A Taupo man who shot dead his best friend when he mistook him for a stag was not negligent, his defence lawyer insisted in the Rotorua District Court yesterday.

Kevin Ryan, QC, was addressing the jury on the second day of the trial of Bernard Lee, 50, charged with careless
use of a firearm causing the death of William Gillies, 55, in the central North Island on April 2 last year.

Lee was "an ordinary, humble, kindly New Zealander", Mr Ryan said. For more than a year he had had the "searing agony" of what happened waiting to be decided in court.

"He isn't the sort of person who doesn't care."

Lee was an experienced hunter and had been friends with Mr Gillies since they both completed electrical apprenticeships more than 30 years ago, his lawyer said.

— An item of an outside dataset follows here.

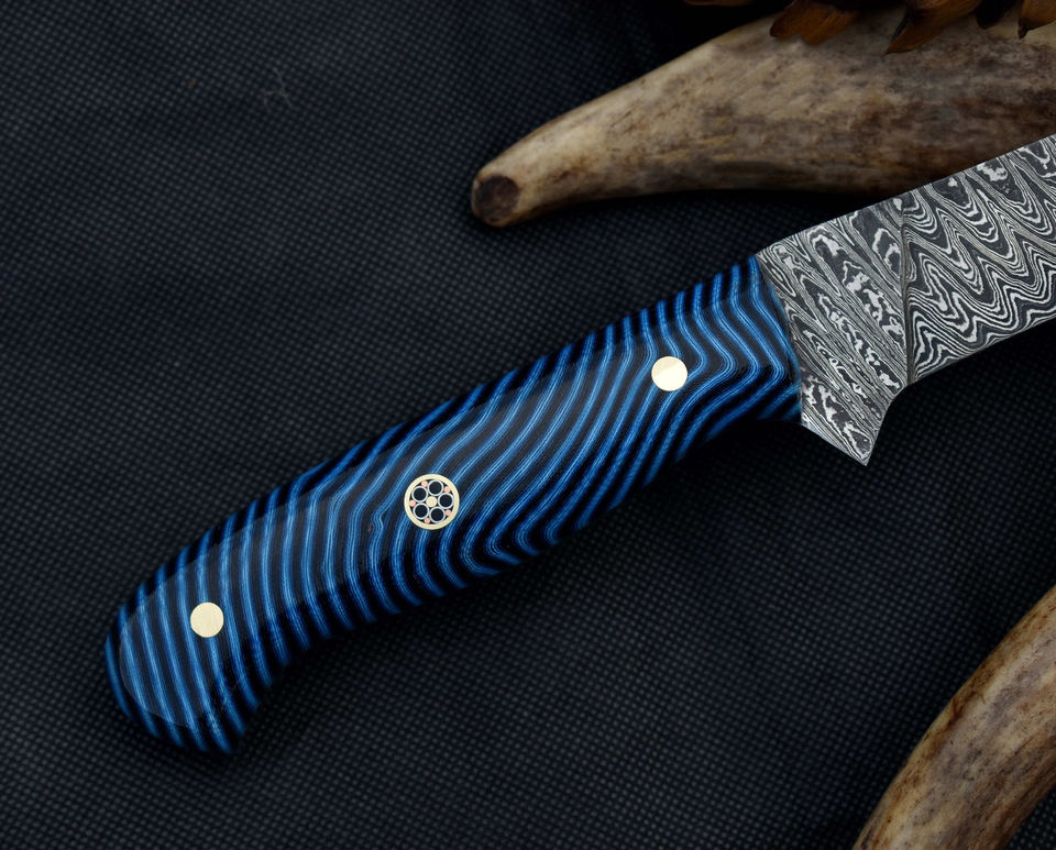 Couteau à filet de poisson en acier damassé fait à la main avec manche en micarta bleu pour le bricolage de qualité.

"They weren't just mates, they were best mates." Their families had shared social occasions but, said Mr Ryan, "all that has gone because of this tragic matter".

He said the two hunters were following a predetermined safety plan they had used for years, where one stayed on high ground and roared while the other went down, flushed the deer out and generally took the shot.

If the animal ran off, the stalker came back to rejoin his mate using the same route by which he had descended. That way they each knew where the other man was.

Unfortunately, on April 2, 2005, in the Pureora Forest Park, Mr Gillies didn't follow the plan, Mr Ryan claimed.

"He forgot the golden rule of coming back the same way. Mr Lee had no reason to believe his mate was still there.

"There is no carelessness. It is a tragedy."

Mr Ryan's remarks, and his later direction to the jury to "ignore" giving consideration to the Gillies family, brought gasps of disbelief and tears from Mr Gillies' widow and her supporters in the public gallery.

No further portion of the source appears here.